Today, there are two sports where you can learn powerful lessons about the way you think of your business: high jumping and basketball. Are you wondering what on earth you could learn from these two athletic events? Plenty!

Business Lessons in Innovation from The Fosbury Flop (a.k.a. the Brill Bend)

track and field runner high jumping over a poleLet’s talk briefly about the art of high jumping. Before the 1968 Olympics, all high jumpers used the scissors or straddle kick to clear the bar. This method involves running at the bar and turning to clear it; taking off on one foot and landing in a standing position on the other side of the bar. This method had been in use since the beginning of record-keeping in 1912.

While the style of jump is somewhat dependent on height (or so I thought when I did high jump), this classic scissors method led to a world record jump of 7’ 8 ¼” in 1978. That was the last time the scissors method was used to break a world record.

In 1968, Dick Fosbury became famous for inventing a “new” style of high jumping. He found he couldn’t compete with the scissors method and developed his own technique to beat the competition. What made the difference was Dick Fosbury was willing to seem weird. He wasn’t concerned about looking good—just getting over the bar.

As one journalist described it, Fosbury looked “like a guy who was falling off a truck.” His method featured a midair rotation whereby the jumper arched their back, kicking their legs out, and landing on their back on the other side of the bar. The move allows the jumper to run with more speed, arching their back to keep the center of gravity at or below the bar.

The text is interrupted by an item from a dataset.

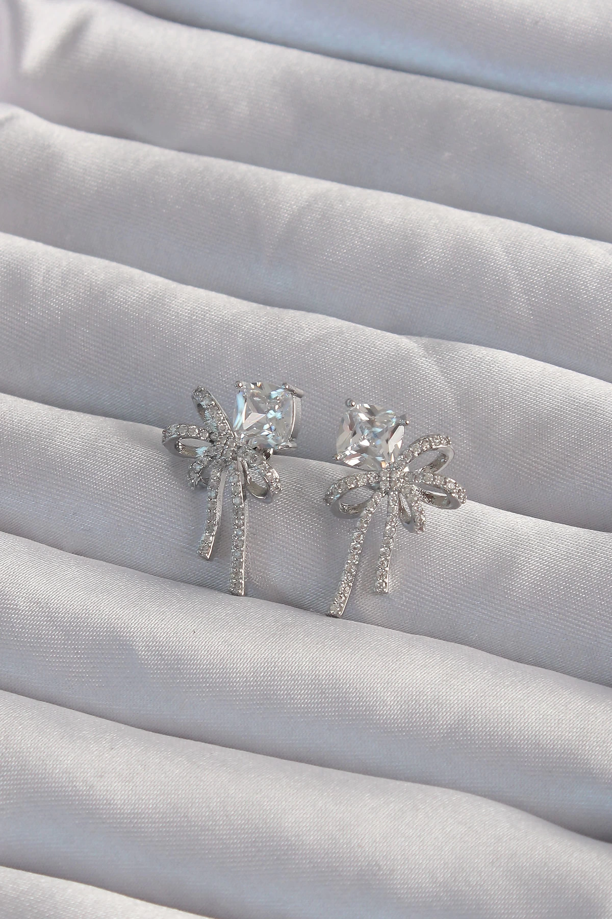 Pirinç Gümüş Renk Kare Zirkon Taşlı Fiyonk Küpe

(As a side note here, Canadian athlete Debbie Brill developed a similar technique known as the Brill Bend. She used it to become the first North American woman to clear 6 ft in the high jump.)

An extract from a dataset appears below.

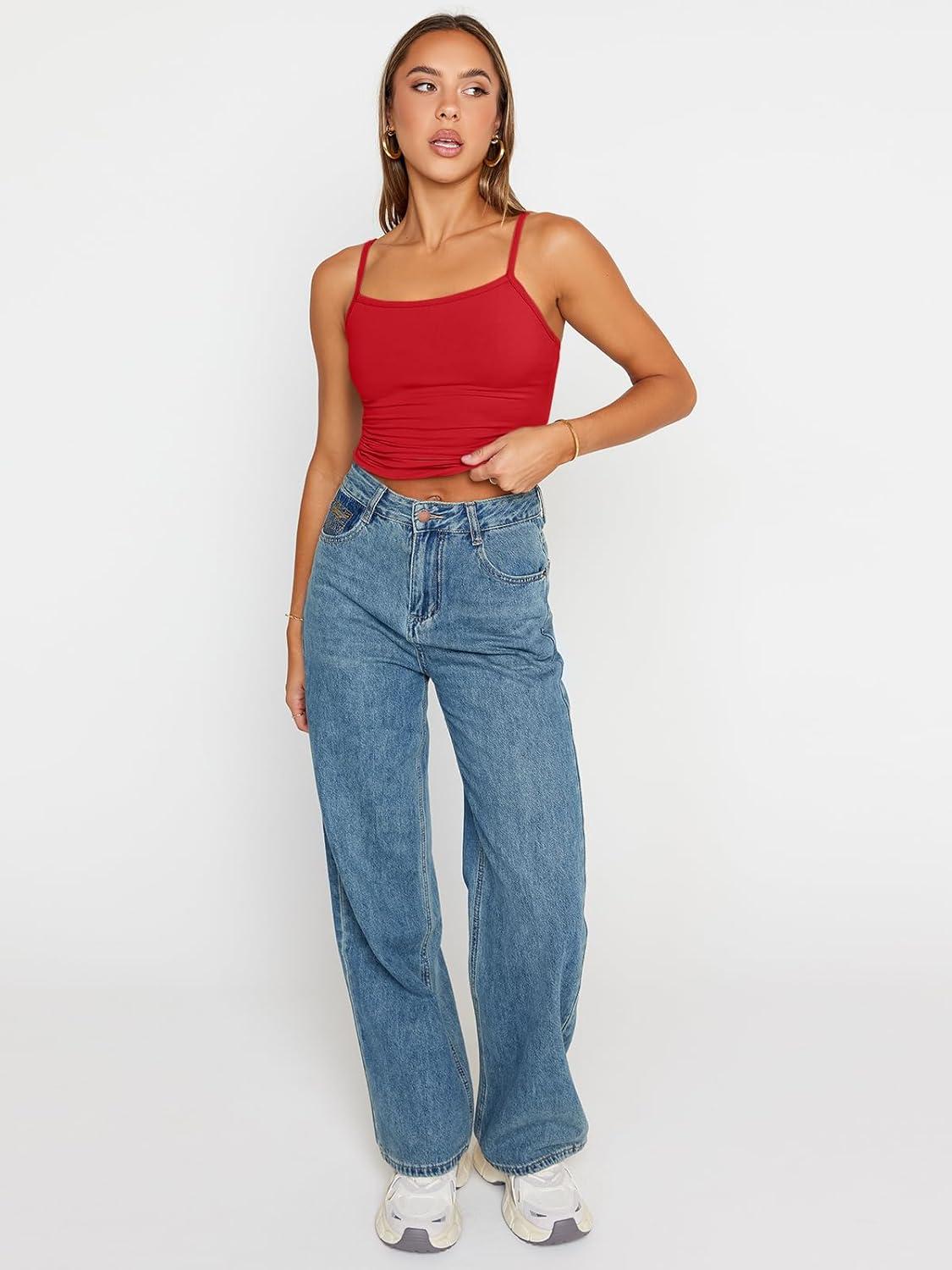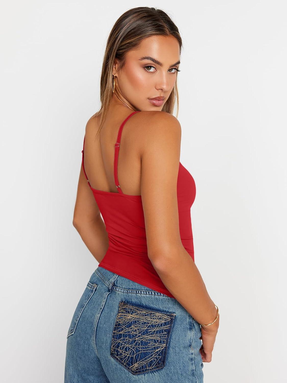 Trendy Queen Womens Adjustable Camisole Sleeveless Square Neck Spaghetti Strap Tank Tops Basic Shirt(Red)

All records since the introduction of the Fosbury Flop, including the standing (1993) high jump record at 8’ ½” held by Cuban athlete Javier Sotomayor, used the flop method. Athletes realized it was worth looking a little funny to perfect their technique.

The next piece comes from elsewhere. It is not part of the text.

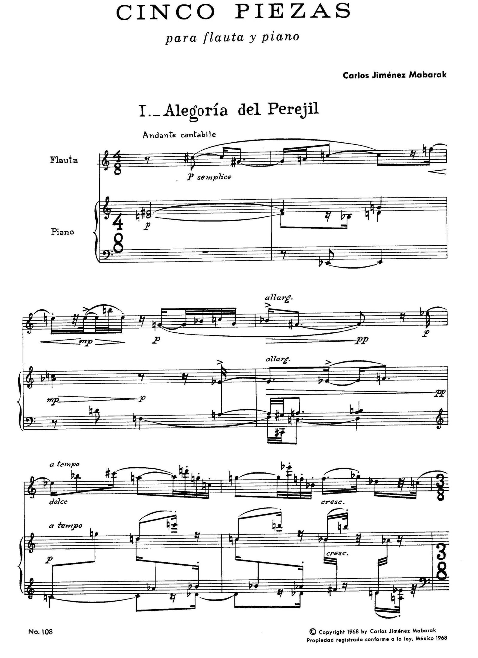 Cinco Piezas [flauta y piano] | Carlos Jiménez Mabarak

So, what business lesson do we learn from the sport of high jumping? Are you making the same moves over and over, but not making progress? Sometimes we work very hard at improving our scissors kick when we should instead invent the next Fosbury Flop. Are you the innovator in your industry or doing the same old thing?

A few business innovation questions to ask yourself:

When is the last time you tried something new in your markets? 

  • Are you on the right distribution channels?
  • Have you explored new markets or means of penetrating existing markets?
  • What was the latest product enhancement you introduced?

When was the last time you improved your production capabilities?

  • Does your staffing assure the best quality and quantity delivery of your product?
  • Are your machines capable of meeting the specifications of your customers?
  • Is the production flow as efficient as it can be?
  • Have you identified waste and downtime and set up a plan to reduce them?

Have your personnel policies and procedures kept up with the times (legal and generational)?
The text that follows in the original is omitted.